"Circus leitet sich vom Lateinischen circum ab und bedeutet so viel wie Kreis und Rennbahn. Eigentlich stammt das Wort von einer Militärdisziplin: der Kavallerie. Die Militärpferde wurden dressiert, um zum Beispiel in einer Menschenmenge Menschen abzudrängen. In Friedenszeiten mussten die Pferde jedoch bewegt werden. Sie wurden z.B. wie in der Salzburger Hofreitschule dressiert. Es gab zivile Zuschauer und irgendwann kam die Idee auf, den Hut herumgehen zu lassen", erklärt Bernhard Paul die Entstehung des Circus. Er ergänzt: "Bei uns gibt es keine Tierquälerei – schwarze Schafe in der Branche gibt es jedoch – wie überall."
Bei ihm gibt es höchstens Pferde zu sehen, die er sehr liebe, Hunde und Gänse, aber keine Wildtiere. Im aktuellen Programm seien jedoch keine Tiere dabei.

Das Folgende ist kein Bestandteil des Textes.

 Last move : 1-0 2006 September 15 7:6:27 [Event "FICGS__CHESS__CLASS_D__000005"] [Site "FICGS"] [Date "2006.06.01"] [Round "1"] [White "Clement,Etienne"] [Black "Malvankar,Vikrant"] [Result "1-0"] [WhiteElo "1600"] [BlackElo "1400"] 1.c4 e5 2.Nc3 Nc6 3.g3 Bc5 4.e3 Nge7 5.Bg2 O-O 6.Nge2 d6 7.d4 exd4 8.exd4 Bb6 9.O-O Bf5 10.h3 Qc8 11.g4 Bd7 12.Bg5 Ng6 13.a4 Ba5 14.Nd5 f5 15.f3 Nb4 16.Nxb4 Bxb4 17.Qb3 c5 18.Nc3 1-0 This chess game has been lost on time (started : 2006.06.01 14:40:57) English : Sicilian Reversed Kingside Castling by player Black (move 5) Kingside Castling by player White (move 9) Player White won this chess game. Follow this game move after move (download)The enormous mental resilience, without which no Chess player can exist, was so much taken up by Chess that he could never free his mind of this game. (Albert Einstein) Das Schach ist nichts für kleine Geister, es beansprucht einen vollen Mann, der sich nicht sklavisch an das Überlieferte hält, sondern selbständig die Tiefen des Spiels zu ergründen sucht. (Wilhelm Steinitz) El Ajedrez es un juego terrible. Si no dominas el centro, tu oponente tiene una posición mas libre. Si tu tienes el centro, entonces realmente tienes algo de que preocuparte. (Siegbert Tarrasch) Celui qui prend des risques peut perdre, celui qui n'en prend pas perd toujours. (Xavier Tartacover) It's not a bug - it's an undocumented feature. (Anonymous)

Auf die sogenannte Tierschutzorganisation People for the Ethical Treatment of Animals (PETA), die in Facebook wirbt mit vermeintlich tierschützerischen Motiven, ist er nicht gut zu sprechen und "enttarnt" ihr angeblich "heuchlerisches, sogar tierquälerisches Gebahren". "Ich habe mich einmal in einem TAZ-Interview gegen die PETA ausgesprochen und sie enttarnt", erzählt Paul, und bekam eine anwaltliche Aufforderung "dick wie ein Telefonbuch". Er habe nicht darauf reagiert, da er gründlich zu PETA recherchiert habe, die z.B. Hunde einfangen ließen, um sie zu töten und viele andere Skandale". Sie wüßten wohl, mit wem sie sich einließen", so Paul weiter.
Bernhard Paul ist eine Schatulle an charmanten Anekdoten rund um die Manege und entführt gekonnt in die Welt des Cirkus. Chaplin sei mit dem Circus in die USA gekommen. Heinz Rühmann, Gerd Fröbe, Maria Schell, Christiane Hörbiger gehörten zu seinem Freundeskreis, so der liebenswürdige Österreicher.

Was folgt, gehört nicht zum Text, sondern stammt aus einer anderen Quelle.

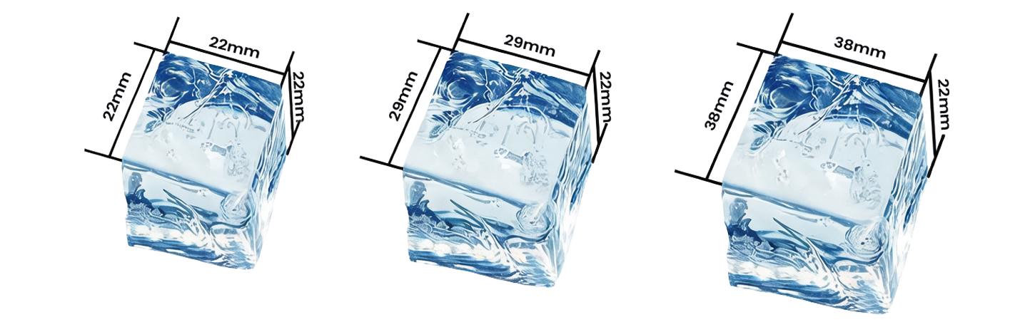 38*38*22 mm (Large Thick Cube): Designed for upscale bars and premium dining environments, featuring an exceptionally slow melting rate.

Unglaubliche Liebesgeschichten hätten sich rund um das Circusleben abgespielt. Berlin sei früher die Hauptstadt des Circus gewesen mit Busch und Renz. Es hätte einen Busch-Bau gegeben, erzählt Paul, der von den Nazis abgerissen worden sei. Nach dem Krieg hätte in der Deutschlandhalle "Menschen, Tiere, Sensationen" stattgefunden, bis der Abriss der Halle dem ein Ende gesetzt habe, fährt Paul fort.

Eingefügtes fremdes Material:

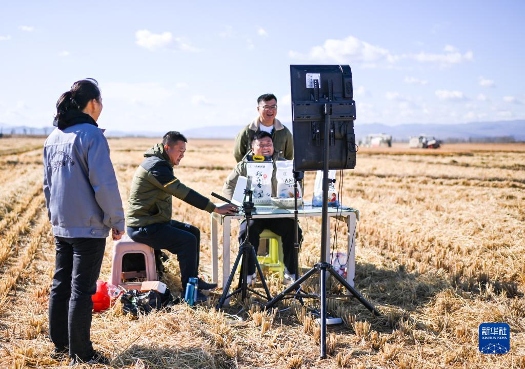 金秋十月,吉林省迎來水稻收穫季節。在吉林省延邊朝鮮族自治州琿春市三家子滿族鄉東崗子村,“80”後巾幗“新農人”劉春艷在稻穀飄香的田野上駕駛着水稻收割機,在她身後,幾個電商主播將劉春艷剛剛收割好的水稻通過網絡賣向全國。

Mit "Viele fühlen sich berufen, nur wenige sind auserwählt" prangert er diejenigen in seinem Berufsstand an, die sich über Minderheiten lustig machen und Sexismus pflegen. "Es gibt einen Ehrenkodex in der Branche", sagt Paul.
Das Tempodrom, eine Initiative der Krankenschwester Irene Mössinger, am Berliner Anhalter Bahnhof, lag lange im Dornröschenschlaf. Paul nahm das Projekt erfolgreich wieder auf und steht jetzt im zwölften Jahr.
An Silvester werde 40 Jahre Cirucus Roncalli gefeiert. "Nur, wer brennt, kann entzünden", verkündet Paul, der als ehemaligen Grafiker zum Motor vieler Projekte wie dem Berliner Wintergarten und dem Düsseldorfer Apollo-Varieté am Rhein wurde. Mehrere große Zirkusse hätten zugemacht, er aber habe den Berufsstand Artist und viele Arbeitsplätze gerettet.
"Ich bin seit Kindesbeinen ein Fan von Circus Roncalli, aber auch nur vom Circus Roncalli", erklärt Muriel Baumeister, eine österreichische Schauspielerin, die an der Pressekonferenz teilnimmt. "Die dritte Generation Baumeister ist Roncalli-Fan", beschreibt sie ihre Familie. Den Show-Gag "Bienchen, Bienchen, gib mir Honig" hätte ihr Kind noch jahrelang in der Badewanne gespielt.
Bernhard Paul gefällt die Publikums-Mischung und vor allem, wenn "Kleinkinder und Intellektuelle an der gleichen Stelle lachen".
* * *
Weihnachtscircus Roncalli vom 18.12.2015 bis zum 03.01.2016, im Tempodrom am Berliner Anhalter Bahnhof, mit Nachmittag- und Abendvorstellungen.